Pharmacokinetics and therapeutic drug monitoring of antiretrovirals in pregnant women


Françoise Stanke-Labesque, Laboratoire de Pharmacologie, Centre Hospitalier Universitaire, Hôpital A. Michallon, BP 217, 38043 Grenoble Cedex 9, France or Laboratoire HP2, Université Grenoble 1, Institut Jean Roget, BP 170, 38042 Grenoble Cedex 9, France.
Tel: + 33 4 7676 5492
Fax: + 33 4 7676 8938


Highly active antiretroviral therapy is recommended for HIV-infected pregnant women to prevent mother-to-child transmission. The specific physiological background induced by pregnancy leads to significant changes in maternal pharmacokinetics, suggesting potential variability in plasma concentrations of antiretrovirals during gestation.
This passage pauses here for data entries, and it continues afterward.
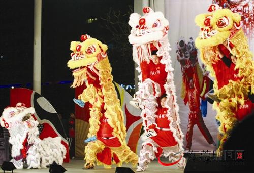 ■文化志愿者大舞台2015年元宵晚会。图为醒狮表演(记者杨泽彬摄)
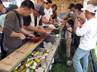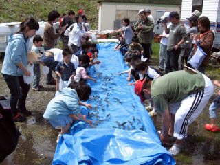お昼も回り皆さまでニジマスのイベントが 始まりました・こどもたちもつかみ取りを 楽しんでおりました |
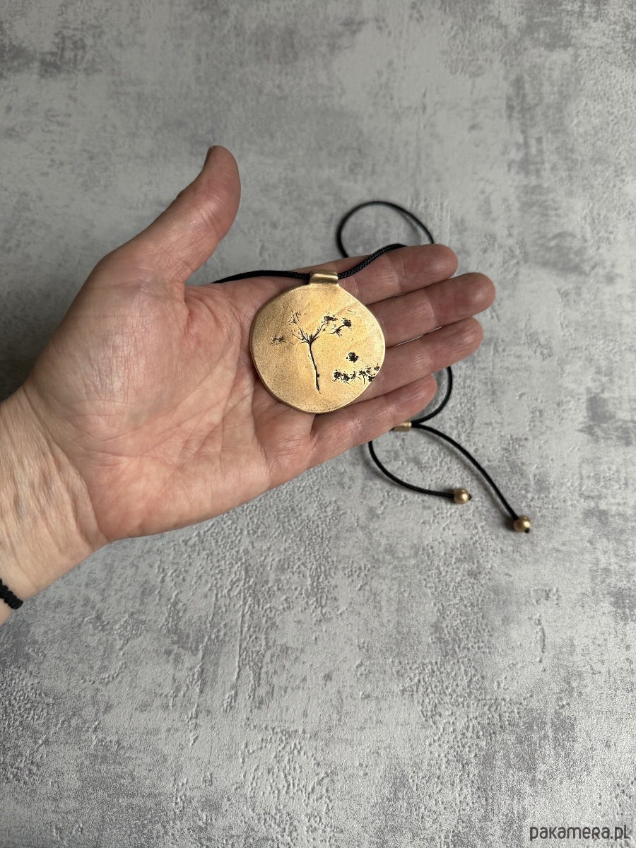 Ręcznie wykonany organiczny, minimalistyczny wisior z brązu, w którym utrwalony jest odcisk prawdziwych roślin.
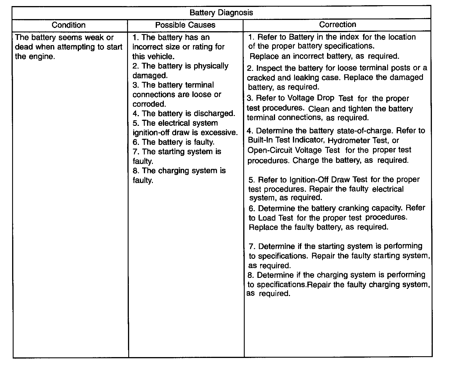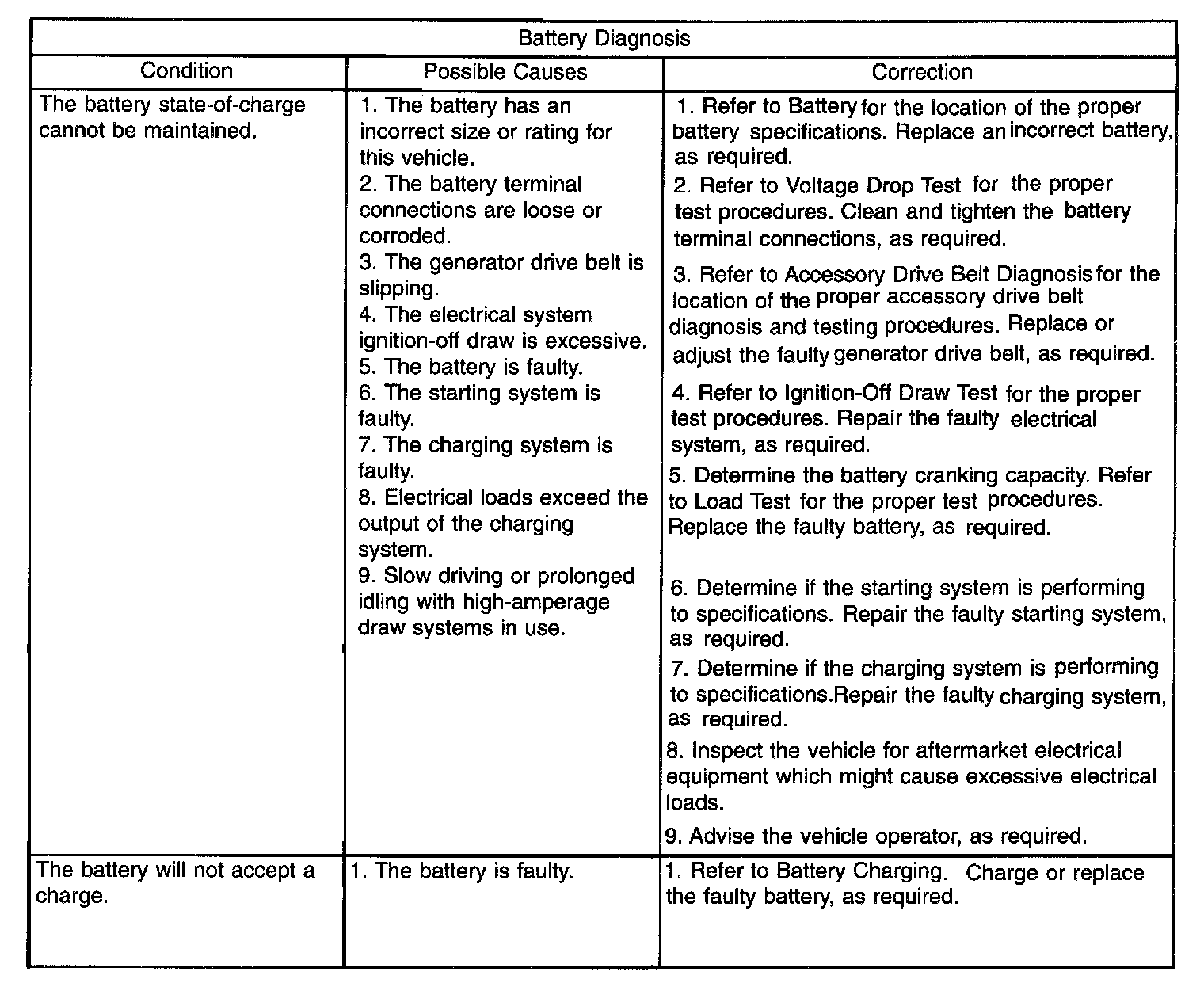 A battery that will not accept a charge is faulty, and must be replaced. Further testing is not required. A fully-charged battery must be load tested to determine its cranking capacity. A battery that is fully-charged, but does not pass the load test, is faulty and must be replaced.
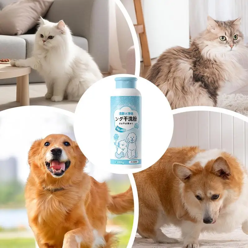 3.Long Lasting Fragrance: Our dry powder shampoo for dogs & cats features natural fragrance ingredients, providing a lightly scented, long-lasting scent that improves the atmosphere of your home and makes your furry companions even more lovable

Therapeutic drug monitoring (TDM) of protease inhibitors (PIs) and non-nucleoside reverse transcriptase inhibitors (NNRTIs) is recommended in certain situations, including pregnancy, but its systematic use in HIV-infected pregnant women remains controversial. This review provides an update of the pharmacokinetic data available for PIs and NNRTIs in pregnant women and highlights the clinical interest of systematic TDM of certain antiretroviral drugs during pregnancy, including nevirapine, nelfinavir, saquinavir, indinavir and lopinavir.